D. Pedro V nasceu a 16 de Setembro de 1837, em Lisboa, filho de D. Maria II, a Educadora, e de D. Fernando de Saxe-Coburgo-Gotha, segundo marido da rainha portuguesa. D. Pedro marcou a história pela sua inteligência, beleza e personalidade difícil.

Em 1853, com a morte da sua mãe, D. Pedro V, o Esperançoso, com apenas 16 anos subiu ao trono português, mas só quando completou 18 anos foi aclamado, tendo sido até então o seu pai, D. Fernando, o regente do Reino.

Em 1854, em Dusseldorf, D. Pedro V conheceu a sua alma gémea, D. Estefânia de Hohenzollern-Sigmaringen, com 17 anos. A 29 de Abril de 1858, após vários anos de resistência, D. Pedro V casou por procuração com D. Estefânia, na igreja de Santa Edviges, em Berlim, e a 18 de Maio (um dia depois da rainha ter chegado à capital), em Lisboa, casaram pessoalmente na Igreja de SãO Domingos. A população ficou radiante com este casal tão feliz, que prometia trazer a paz por muitos anos. Infelizmente, a rainha morreu um ano depois do casamento, vítima de uma angina diftérica, sem o casal ter tido o desejado herdeiro para a Coroa Portuguesa.

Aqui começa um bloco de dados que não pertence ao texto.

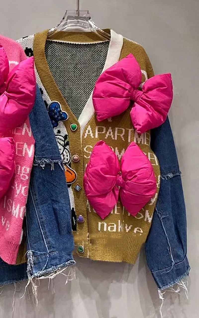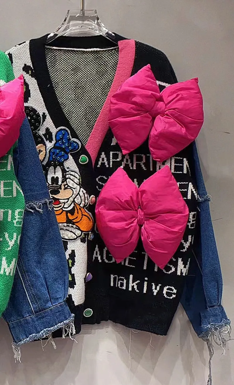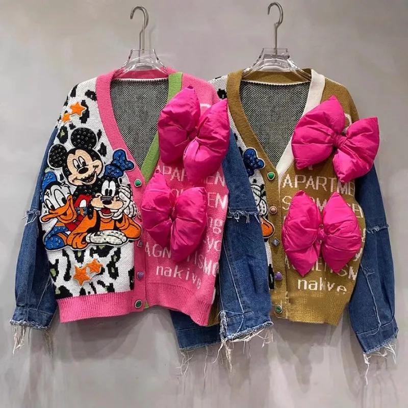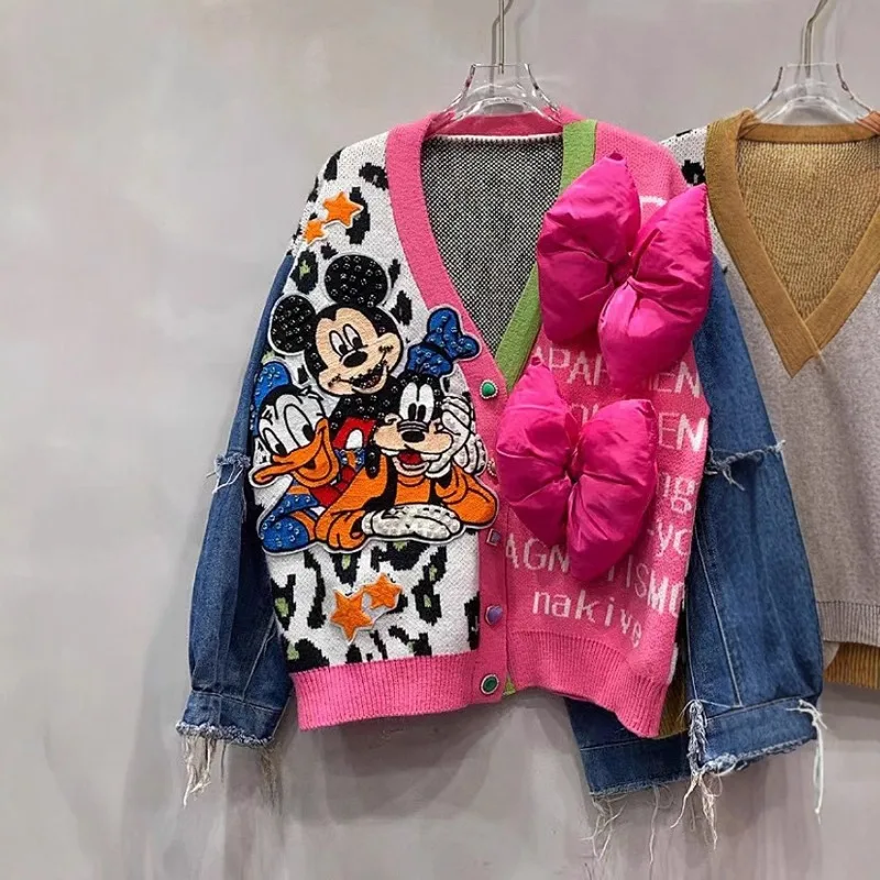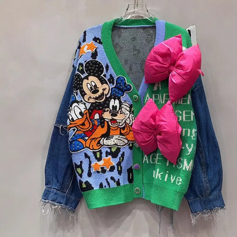 Unique Design Denim Splicing Knitted Cardigan Women's Autumn Winter Loose Contrasting Color Leopard Print V-neck Sweater Jacket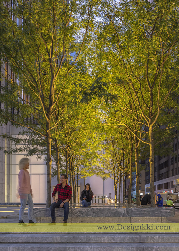 پلازا مرحله مناسبی برای جشن عکاسی، موسیقی، هنر و طراحی، کدگذاری و موارد دیگر از علاقه های شرکت اپل است. پله های گسترده در امتداد لبه ها مردم را به فضا دعوت می کند تا در یک مرکز شلوغ زندگی شهری جمع شوند. صندلی های سنگی که توسط درختان سایه انداخته شده و با چشمه های خطی در امتداد لبه های خیابان 58 و 59 هم مرز هستند، مکانی برای استراحت و بافر آرام را از ترافیک شلوغ، در کنار دو ورودی کمکی گسسته ایجاد می کنند که دسترسی به فروشگاه زیر را افزایش می دهد.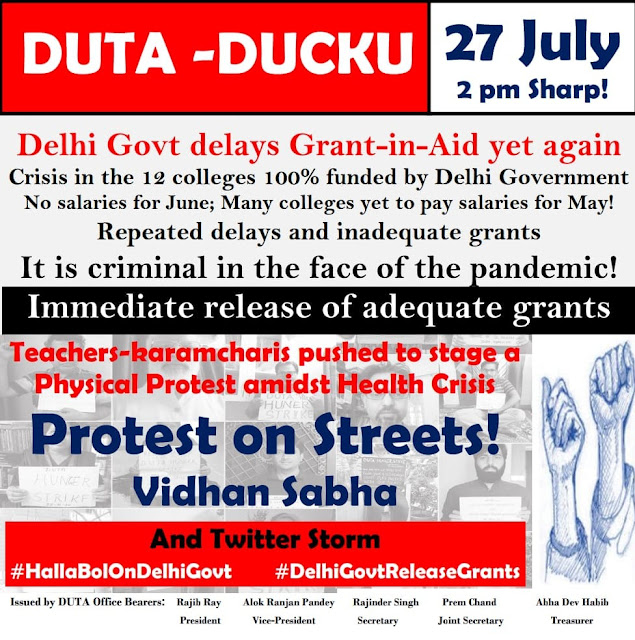 In consultation with the Staff Associations of the 12 colleges, DUTA-DUCKU will hold a physical protest at 2 pm sharp, Monday, 27.7.2020 at Vidhan Sabha to highlight the crisis. We will also share protest photos on FB and Twitter. Those colleagues who may not be able to join because of health issues etc, are requested to take to Twitter in support and post their protest photos.

Com a morte da rainha D. Estefânia, D. Pedro começa a isolar-se, acabando por falecer com 24 anos, a 11 de Novembro de 1861, vítima de febre tifóide. Fundou em 1860 o conhecido hospital D. Estefânia a pedido da mulher.

D. Luís foi quem sucedeu D. Pedro V no trono português. Nasceu em Lisboa a 31 de Outubro de 1838, e foi aclamado herdeiro da coroa a 22 de Dezembro de 1861. A 27 de Setembro de 1862, D. Luís, o Popular, casou com D. Maria Pia de Sabóia, e teve dois filhos, Carlos e Afonso Henriques.

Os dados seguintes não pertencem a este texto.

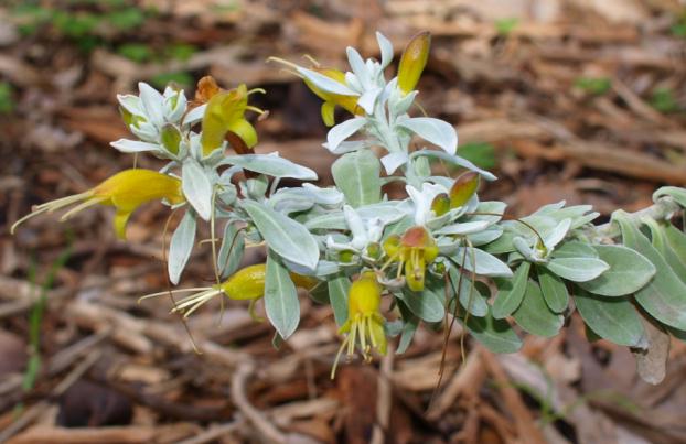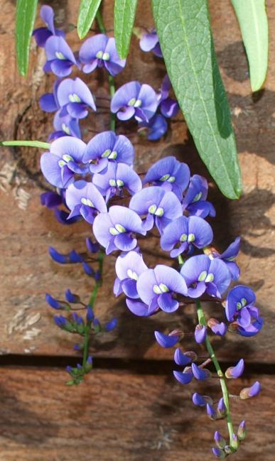 A pink ground grevillea, above and a blue native creeper, right. |
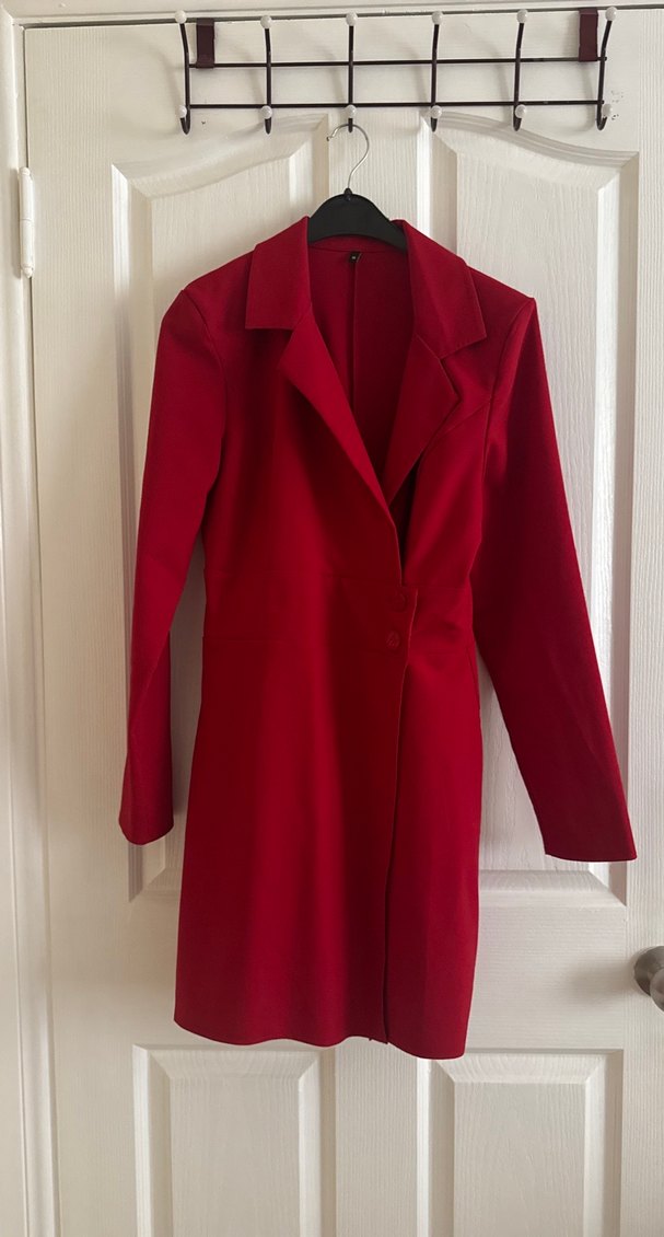 Kırmızı midi uzunlukta, düğmeli ve kesik yakalı kadın elbise. Uzun kollu, regular fit ve yumuşak, sıcak tutan kumaştan üretilmiştir.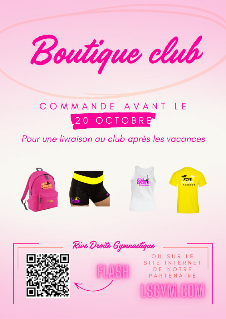 En partenariat avec Lune et Soleil Gymnastic, nous avons crée une boutique club Rive Droite Gymnastique afin d’offrir à nos licenciés la possiblité de pratiquer leur sport dans une tenue adaptée et confortable.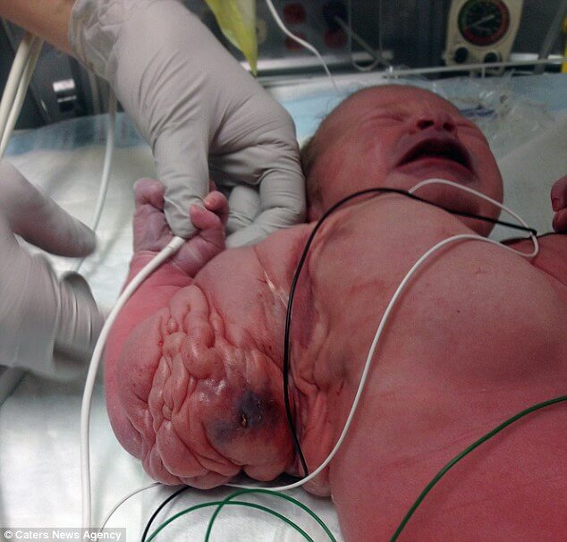 Läkare upptäckte en ovanlig vätska under en ultraljudsundersökning som gjordes i gravid vecka 15. Sedan hennes födsel har svullnaden kring hennes bröstkorg och överarmar fortsatt att växa och beräknas att väga 5 kilo.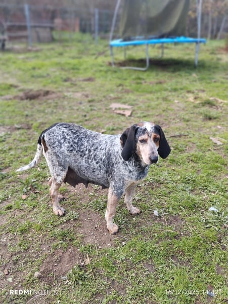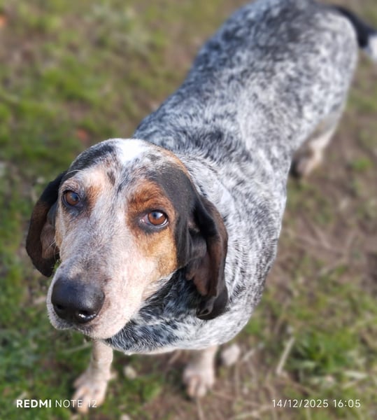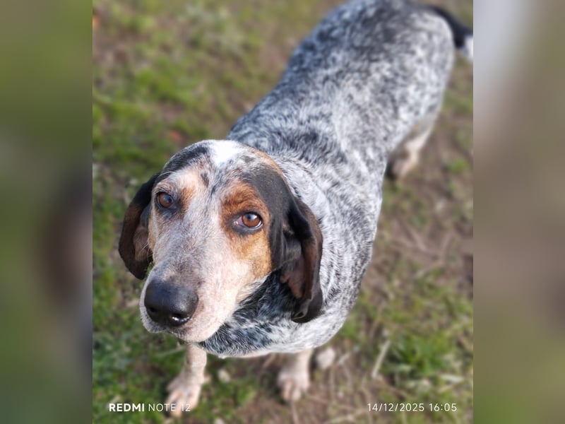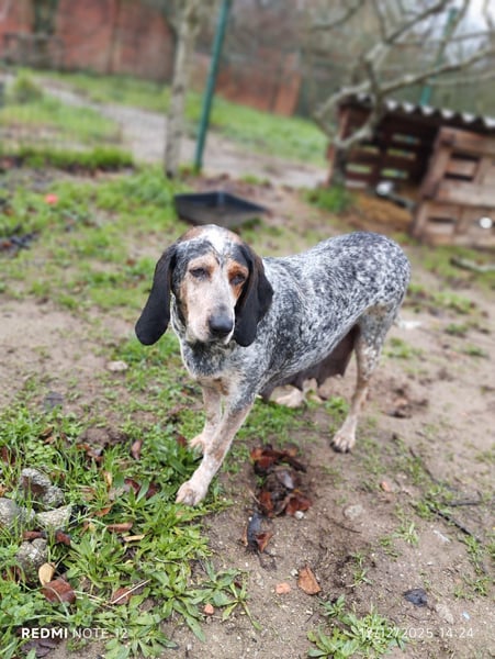 Hier seht ihr die Griffon bleu de Gascogne-Hündin Bala, die Sonia und Carmen aus schlimmer Haltung im Zwinger bei einem Jäger retten konnten (siehe Video).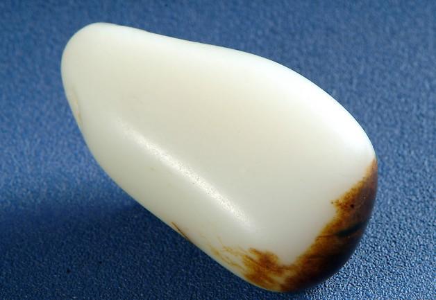 籽料原石表面都有汗毛孔,无论其质地细腻与否,因此看和田玉原石表面的汗毛孔是用来鉴定它是不是籽料的一个重要方法。当然有些汗毛孔肉眼难见,需要借助了放大镜才能观测得到。汗毛孔不像籽料其它特征,绺裂可以做出来,皮色也可通过染色而成,但是汗毛孔不同,并不容易做出来。假和田玉与真的再相似,其表面也是没有“毛孔”的。

Foi durante o seu reinado, que vemos retratado na história a Janeirinha, uma revolta popular contra o imposto geral de consumo, assim como uma grande instabilidade política. Em 1884, ficou definido o Mapa Cor-de-Rosa, ou seja, quem ficava com o quê em África.

D. Luís falece a 19 de Outubro de 1889 em Cascais. Encontra-se sepultado no Mosteir ode São Vicente, tal como o seu irmão.


Daniela Vicente

Título: D. Pedro V, o Esperançoso

Autor: Daniela Vicente (todos os textos)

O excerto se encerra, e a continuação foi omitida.